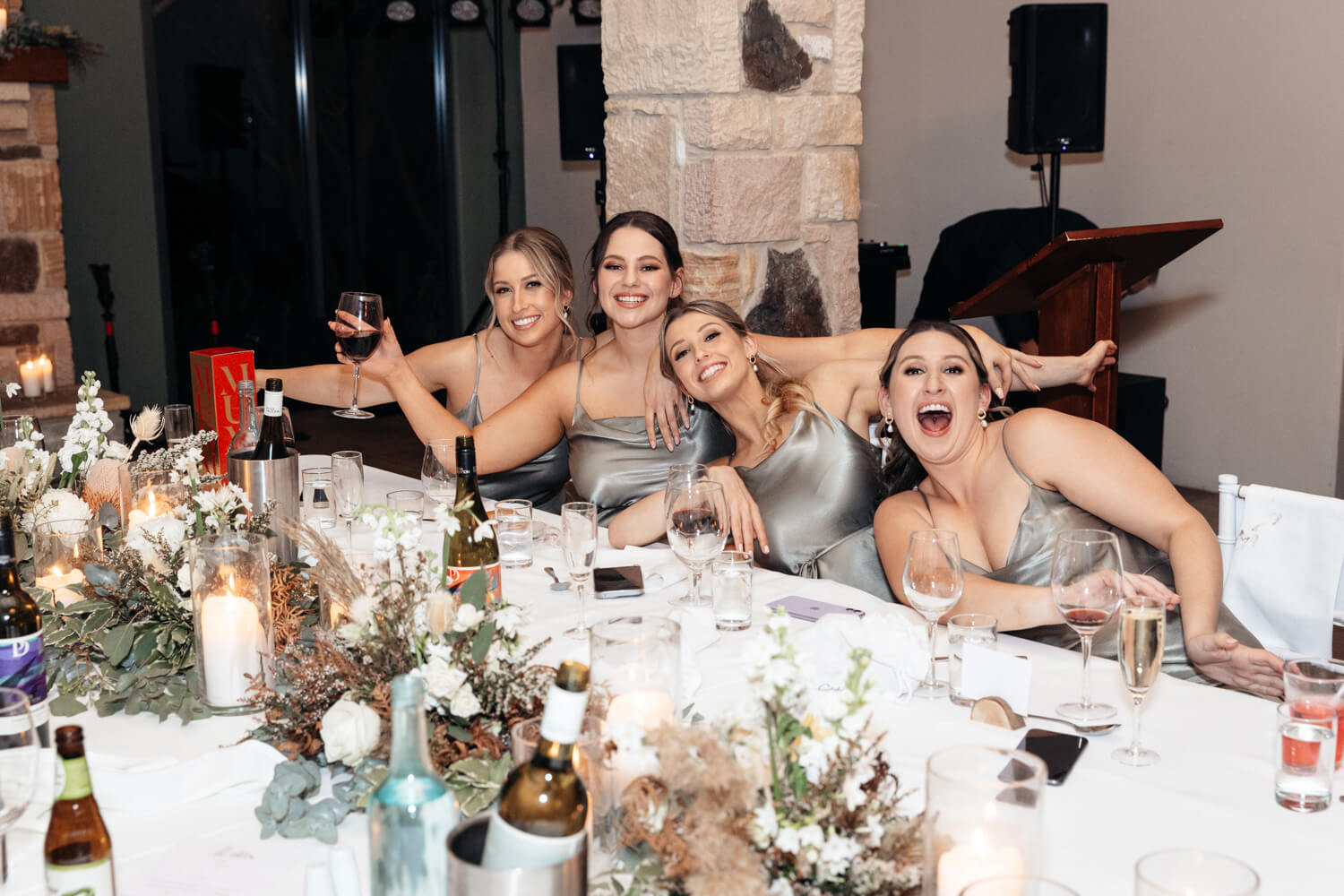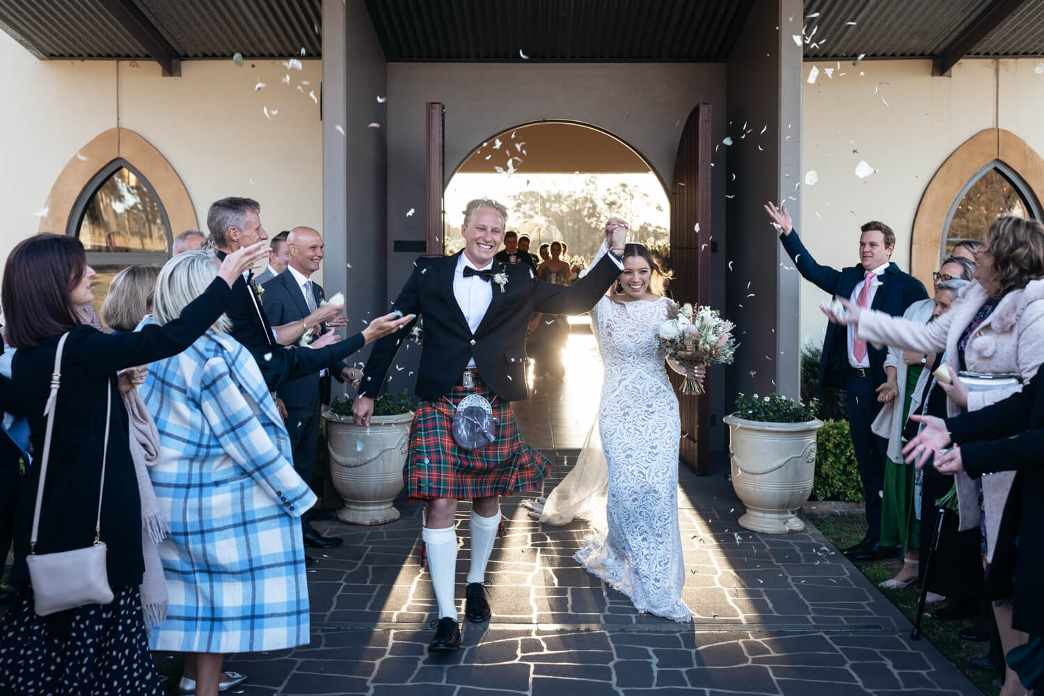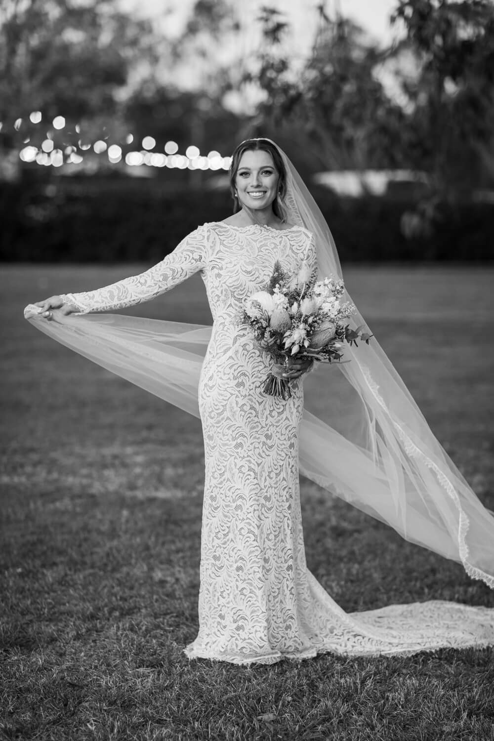 Wedding venue: Enzo, Ironbark Hill | Celebrant: Marney McQueen | Make-up artist: Joanne Bentley | Hair stylist: Monique Kazokas | Floral designer: Little Wren Florals | Videographer: Hunter Valley Video | Cake designer: Michelle the Cake Chef | DJ: Advantage DJs | Bride’s dress & hair piece: Grace Loves Lace | Bride’s shoes: Loeffler Randall | Ring designer: Australian Wedding Rings | Bridesmaid dresses: Shona Joy | Groom’s suit: Scottish Accessories Shoppe | Groomsmen’s suit details: Peppers Formal Wear | Caterer: Enzo Weddings | Rentals: LOVE Lights Sign – Love Glows
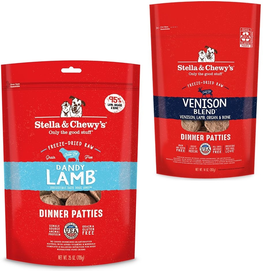 Stella & Chewy's Dandy Lamb Dinner Patties Freeze-Dried Raw Dog Food, 25-oz bag—Give your dog what he naturally craves with Stella & Chewy's Dandy Lamb Dinner Patties Freeze-Dried Raw Dog Food. Based on the philosophy that dogs thrive on the same diet they would eat in the wild, this all-natural recipe makes it easy to feed your best friend only the good stuff. Made from sustainably-sourced ingredients and raw, single-source protein, this recipe starts with 95% grass-fed lamb, organs and bone, plus 100% certified organic fruits and vegetables—offering the benefits of raw food nutrition with the convenience of freeze-dried preparation. And to ensure the highest quality, each batch is made with care in Stella & Chewy’s own U.S. kitchen.
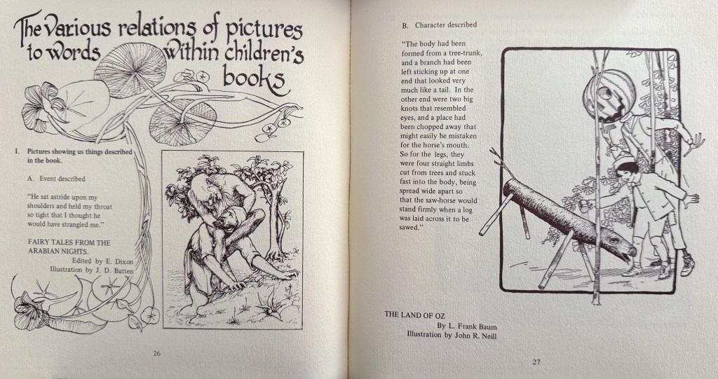 Rather than chapters, the book contains sections with titles like: The various relations of pictures to words within children’s books; Pictures of Domestic Happiness; Picturing the Realm of Faërie; Looking at Pictures of Animals; and Answer to the argument that illustrations block the imagination, that without them the mind would do what the illustrator does, ONLY for the reader, more satisfyingly.
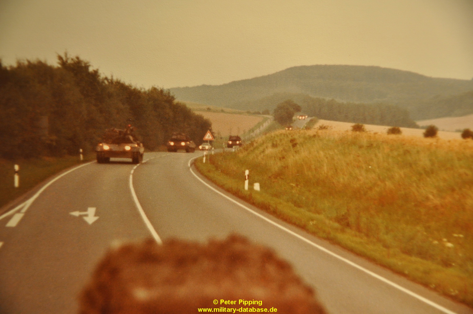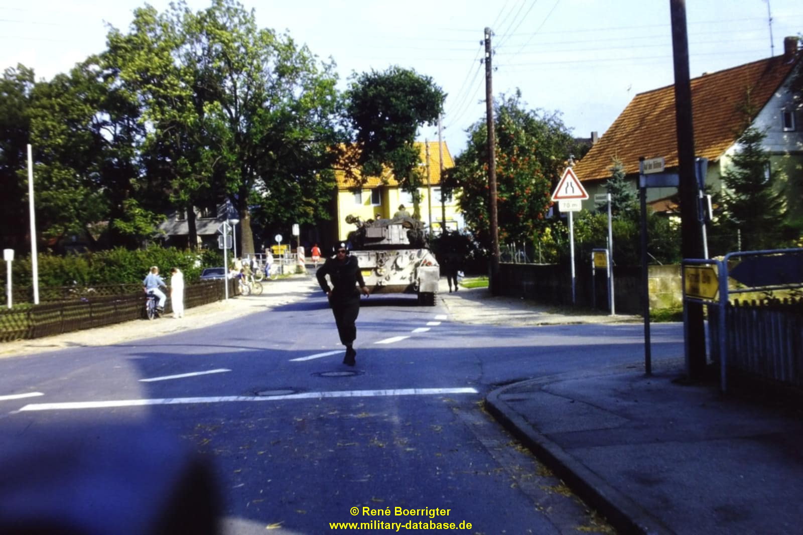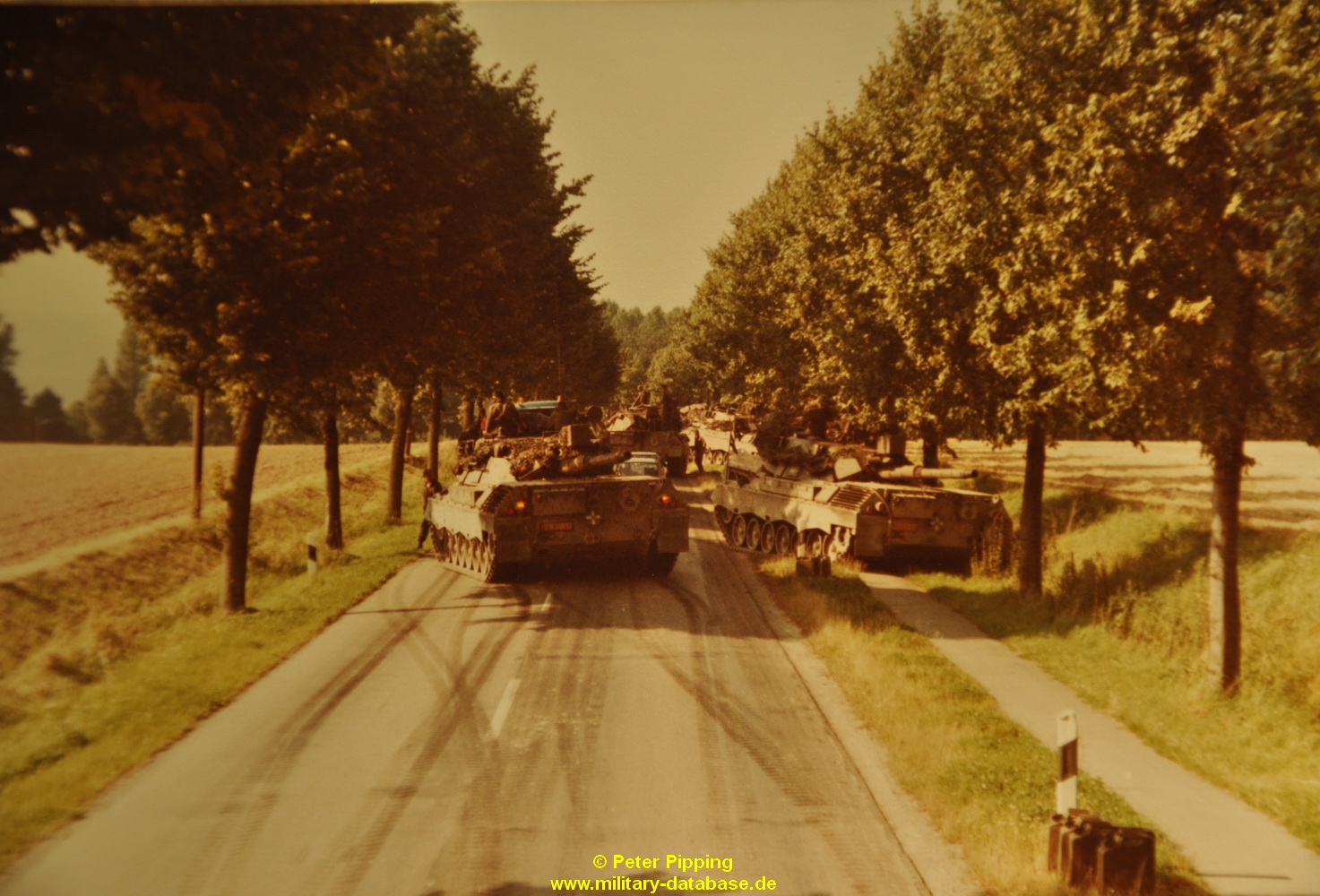 Das ganze noch ergänzt mit Jürgen seinen Bildern hatten wir mehr als wir uns jemals erhofft hatten. Ich kann mich noch gut erinnern wie die Jungs abgezogen sind. Die Mädchen waren tottraurig das die hübschen Männer jetzt weg sind, und wir, weil die Panzer weg waren 🙂 Wir sind mit dem Fahrrad noch bis nach Ahrenfeld und Heinsen hinterher. Sie hatten uns vorher die Route genannt, da sind wir mit den Fahrrädern vorweg gefahren. Kurz vor Ahrenfeld am Fuß des Thüster Berges waren sie dann schon hinter uns, ich schmiß mein Fahrrad an die Seite und stellte mich direkt an den Weg zum letzten Gruß wenn man so will. Da hätte es mich fast dahingerafft. Der erste Leopard rutschte in den Graben wo ich stand ( der konnte mich natürlich nicht sehen, ich stand zwischen den Hecken ) und ziehte das aber mal vollkommen durch. Knüppel, Äste und Erde flogen durch die Luft, und ich konnte nach hinten nicht weg, und der fuhr mit allem was das Boot hergab weiter. Ich war keine 10cm mit meinem Körper vom komplett durchdrehenden Panzer entfernt…das werde ich niemals vergessen. Danach sammelten sie sich nochmal in Ahrenfeld mitten im Ort am Kriegerdenkmal wo wir es gerad noch hinschafften, dann fuhren sie los und waren seit dem nicht mehr gesehen. Richtung Rittergut Heinsen, und dann vermutlich in Richtung Esbeck und weiter bis nach Eime.

=-=-=

Set out exactly, and only, the lines between the first line of the listing and the line containing "own U.S. kitchen.", counting both, while leaving every picture out.

### Solution to this task
 Wedding venue: Enzo, Ironbark Hill | Celebrant: Marney McQueen | Make-up artist: Joanne Bentley | Hair stylist: Monique Kazokas | Floral designer: Little Wren Florals | Videographer: Hunter Valley Video | Cake designer: Michelle the Cake Chef | DJ: Advantage DJs | Bride’s dress & hair piece: Grace Loves Lace | Bride’s shoes: Loeffler Randall | Ring designer: Australian Wedding Rings | Bridesmaid dresses: Shona Joy | Groom’s suit: Scottish Accessories Shoppe | Groomsmen’s suit details: Peppers Formal Wear | Caterer: Enzo Weddings | Rentals: LOVE Lights Sign – Love Glows
 Stella & Chewy's Dandy Lamb Dinner Patties Freeze-Dried Raw Dog Food, 25-oz bag—Give your dog what he naturally craves with Stella & Chewy's Dandy Lamb Dinner Patties Freeze-Dried Raw Dog Food. Based on the philosophy that dogs thrive on the same diet they would eat in the wild, this all-natural recipe makes it easy to feed your best friend only the good stuff. Made from sustainably-sourced ingredients and raw, single-source protein, this recipe starts with 95% grass-fed lamb, organs and bone, plus 100% certified organic fruits and vegetables—offering the benefits of raw food nutrition with the convenience of freeze-dried preparation. And to ensure the highest quality, each batch is made with care in Stella & Chewy’s own U.S. kitchen.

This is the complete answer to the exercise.